1) Assume the probability that you will make a sale on a given phone call is .19
a) Find the probability that you will not make a sale on the first three calls ie. your sale will be made after the first three calls
b) Find the probability that your fourth sale is made on the eighth call

2) Among 90 cities that professional group is considering for its next three annual conventions, 36 are in the western part of the united states use the binomial approx to the hypergeometric distribution to find the probability that at most one of the three conventions will be held in the western part of the US

3)According to an airline report roughly 1 piece of luggage out of every 200 that are checked is lost. Suppose that a freq flyer will check 120 bags over a year approx the probabilty that she will lose 2 or more pieces of luggage
• Apr 22nd 2007, 06:52 AM
CaptainBlack
Quote:

Originally Posted by schinb64
I have three questions that I am not sure of: Help on any of them is greatly appreicated

1) Assume the probability that you will make a sale on a given phone call is .19
a) Find the probability that you will not make a sale on the first three calls ie. your sale will be made after the first three calls
b) Find the probability that your fourth sale is made on the eighth call

a)The probability that no sale is made on the first three calls is the product
of the prob that no sale is made on the first and the prob that no sale is
made on the secons and the prob that no sale is made on the third.

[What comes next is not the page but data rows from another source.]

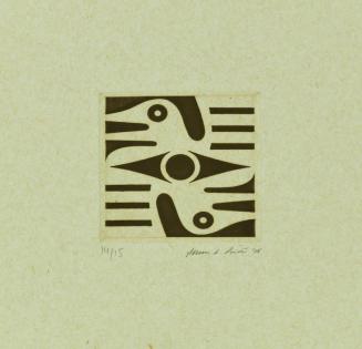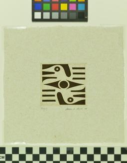 DescriptionFirst Nations motif in brown on buff coloured paperColour: brown; buff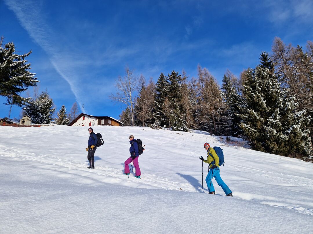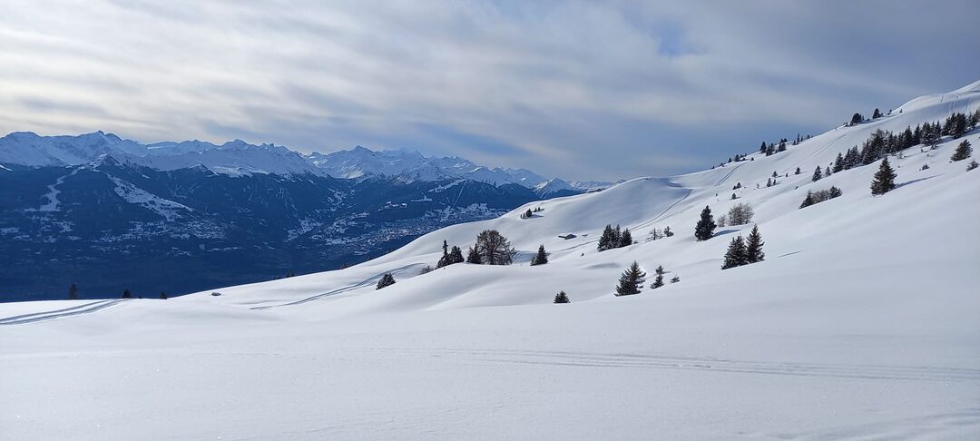 Nous chaussons les skis au lieu-dit Coppet en contrebas des Mayens de My. Dès les premiers mètres de montée dans la forêt, les signes de la dernière chute de neige se font remarquer. Les sapins sont encore bien chargés et une belle couche de poudreuse nous entoure : elle ne nous quittera pas de la journée. Après avoir sillonné entre les sapins, nous arrivons à l’alpage. Pour la suite, la pente reste régulière avec le sommet de la Fava en toile de fond. Toute la montagne semble avoir été recouverte d'une couche de poudre pas soufflée et encore peu tracée. Le groupe reste bien homogène et nous montons à bon rythme. Après un petit rek final, nous nous arrêtons sur un épaulement à 2500m, point final de la journée nous offrant un superbe panorama sur les sommets valaisans.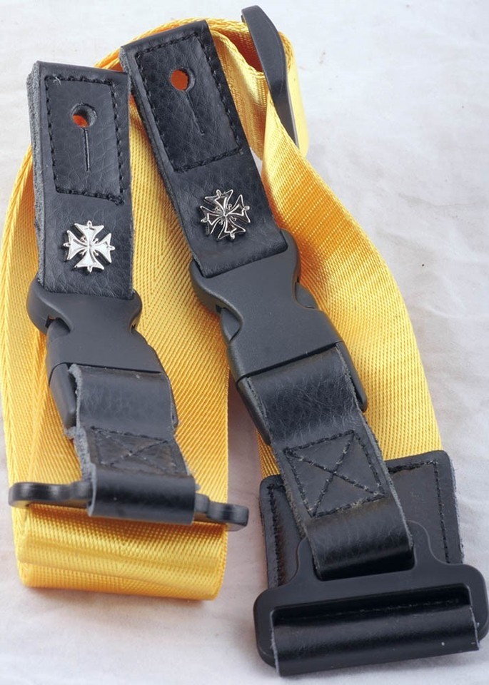 Mugig Adjustable Guitar Strap – Black Nylon, Maltese Cross Detail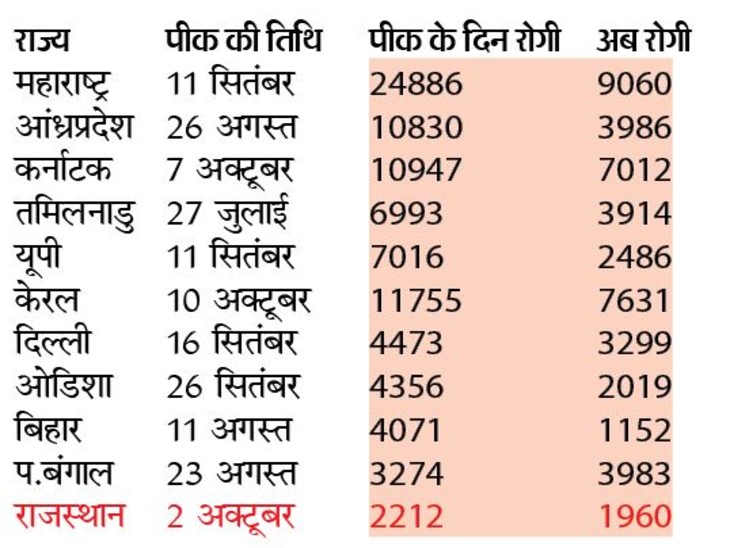 इसके अलावा प्रतिदिन मिलने वाले रोगियों की संख्या में कमी की बात करें तो कई राज्यों में यह आंकड़ा 64% तक है, जबकि राजस्थान में सिर्फ 11% की कमी आई है। महाराष्ट्र में 11 सितंबर को सर्वाधिक 24886 नए रोगी मिले थे। अब महाराष्ट्र में रोज करीब 9060 मिल रहे हैं यानी करीब 64% की कमी हुई है।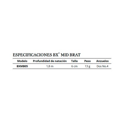BX® Brat karakterizira heavy-duty copolymer oklop koji omogućuje ekstremnu izdržljivost, te ekstra plovna jezgra od balze, savršena za ribolov u plitkome. Specifčnim ga čini i hard-rolling akcija sa tradicionalnim Rapala kockastim kljunom, koji omogućuje savršene otklone u povlačenju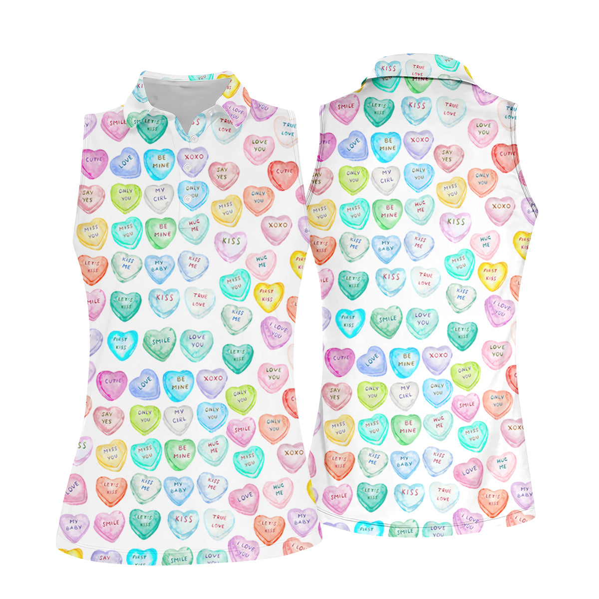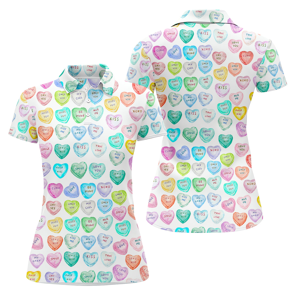 Sweet Words Watercolor Heart Women Golf Top, Valentines Golf Gift, Ladies Golf Polos
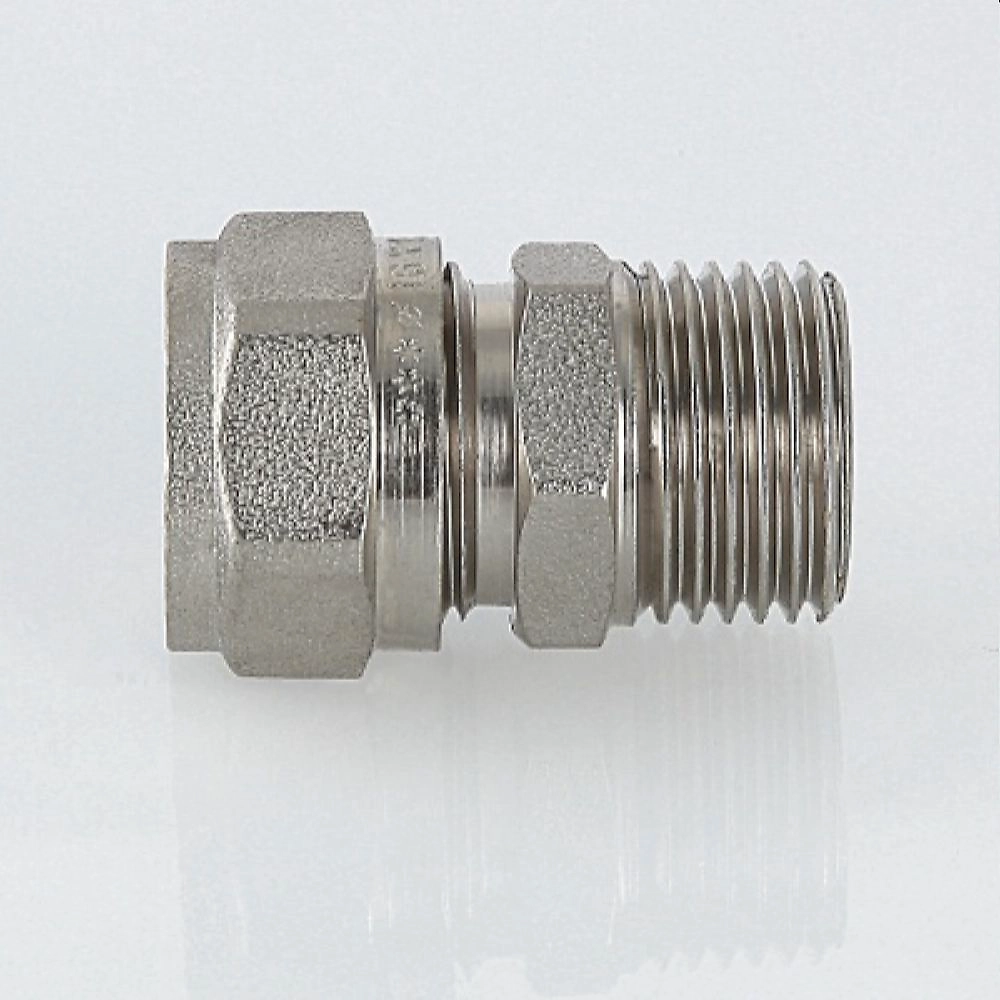Двухсторонний прямой латунный никелированный фитинг для соединения металлополимерной трубы и компонента системы с резьбовым подключением.

So the reqired prob is (1-0.19)^3 ~= 0.531

b) The probability that the fouth sale is made on the eighth call is the
probability of 3 sales on the first seven calls and a sale on the eighth.

So the reqired prob is b(3;7,0.19) 0.19 = 7!/[4! 3!] 0.19^3 (1-0.19)^4 0.19 ~= 0.0196.

(as the nu,ber of sales in N calls has a binomial distribution B(7,0.19)

RonL
• Apr 22nd 2007, 06:56 AM
CaptainBlack
Quote:

Originally Posted by schinb64
2) Among 90 cities that professional group is considering for its next three annual conventions, 36 are in the western part of the united states use the binomial approx to the hypergeometric distribution to find the probability that at most one of the three conventions will be held in the western part of the US

here we are required to treat the number of conference held in the west
over the next three years to have binomial distribution B(3, 36/90)

That at most 1 is held in the west is the same thing as 0 or 1, so the
required probability is:

P = b(0; 3, 0.4) + b(1, 3, 0.4) = 0.6^3 + 3 (0.4) (0.6^2)

RonL